I will feel the same, no matter what the outcome.

27/09/2009

I have enough time on my hands to start writing these more often, perhaps it will help me speak about more diverse subjects beyond my feeling so lost.

I really wish I didn’t have to work tomorrow, weekends aren’t nearly long enough. I am on and off writing this blog/cleaning/listening to music/killing time until Dexter at 10. Multi-tasker extraordinaire.
I got my phone bill today, which always comes bundled with my cable and internet. My bill was a wondrous $579 dollars. To put that into perspective, I will say that my Rogers bill is usually 200-250 a month.
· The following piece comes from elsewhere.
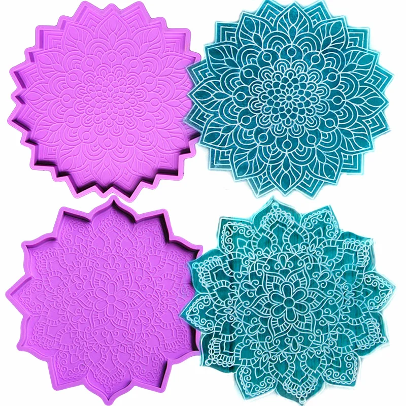 Mandala Coaster Epoxy Resin Mold Round Tray Cup Mat Casting Silicone Mould Home Decoration DIY Handwork Crafts

Using data in NY was probably the worst idea ever, but I have learned? I suppose.
I was feeling hungry after I did the dishes, and I don’t really have anything I can really make for “dinner”. Earlier I made a big plate of pan fried noodles, using the rest of them up. I have some liptons soup that I think I might make. I think I need to do some very minimal grocery shopping tomorrow, it’s been weeks since I have been. I had a coffee thinking that the caffeine would curb my pangs, which it did.
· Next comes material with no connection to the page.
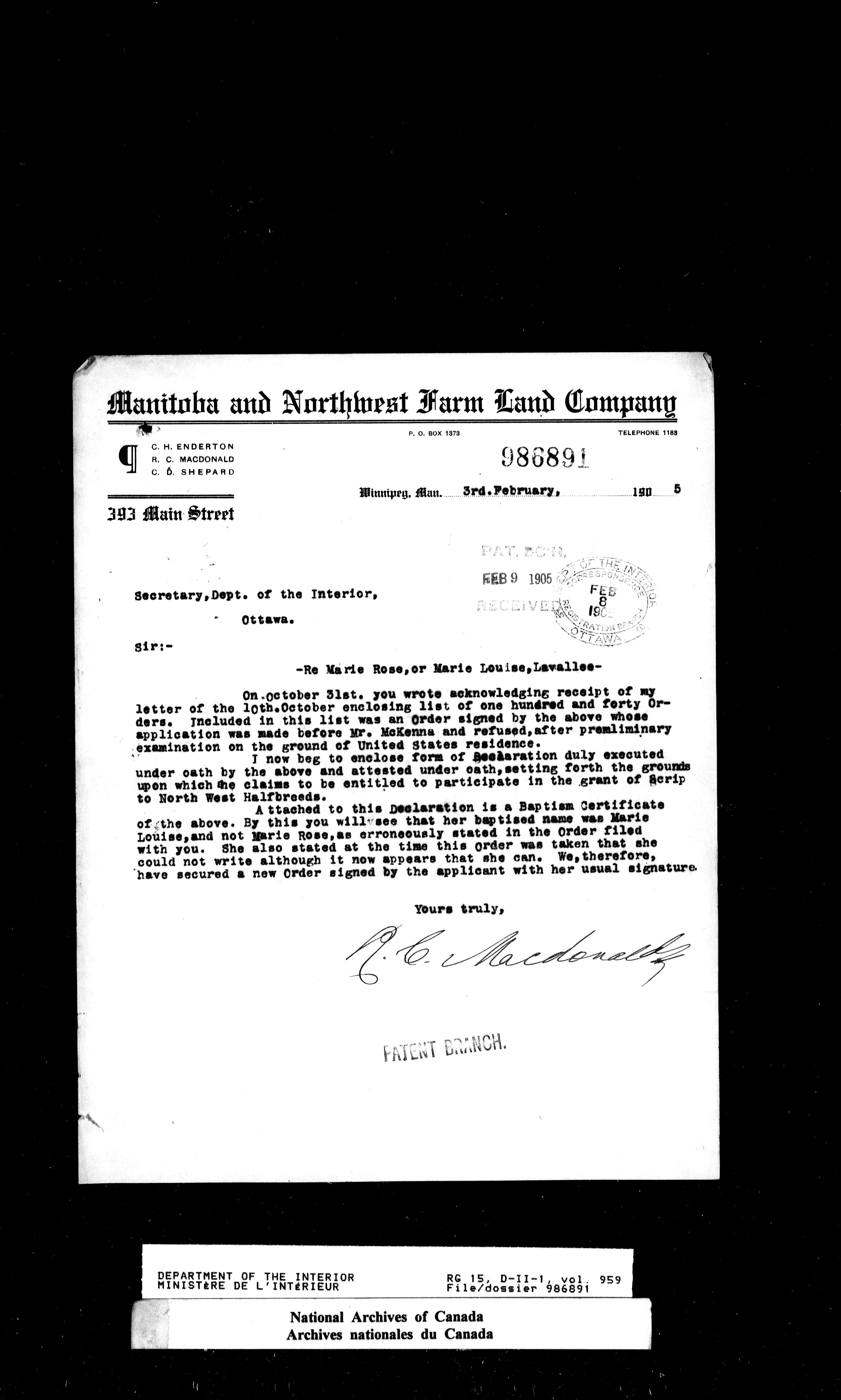 Dominion Lands Branch - Correspondence Files - 14545

God, I sound like an anorexic or something. I don’t know why I am not really eating much lately, I guess it is just sort of the way I am feeling. Though its not really depression. Its just sort of an empty melancholy. When I am depressed I eat. A lot. I’ve been big on rootbeer floats though. I will admit that. I need to get some plain vanilla ice cream when I go shopping.
I’ve been using oreo ice cream, which is good, but I am pretty sure that I would prefer plain old vanil instead.
Anyways, 10 mins to dexter and I think I want to make soup. Gonna go do that.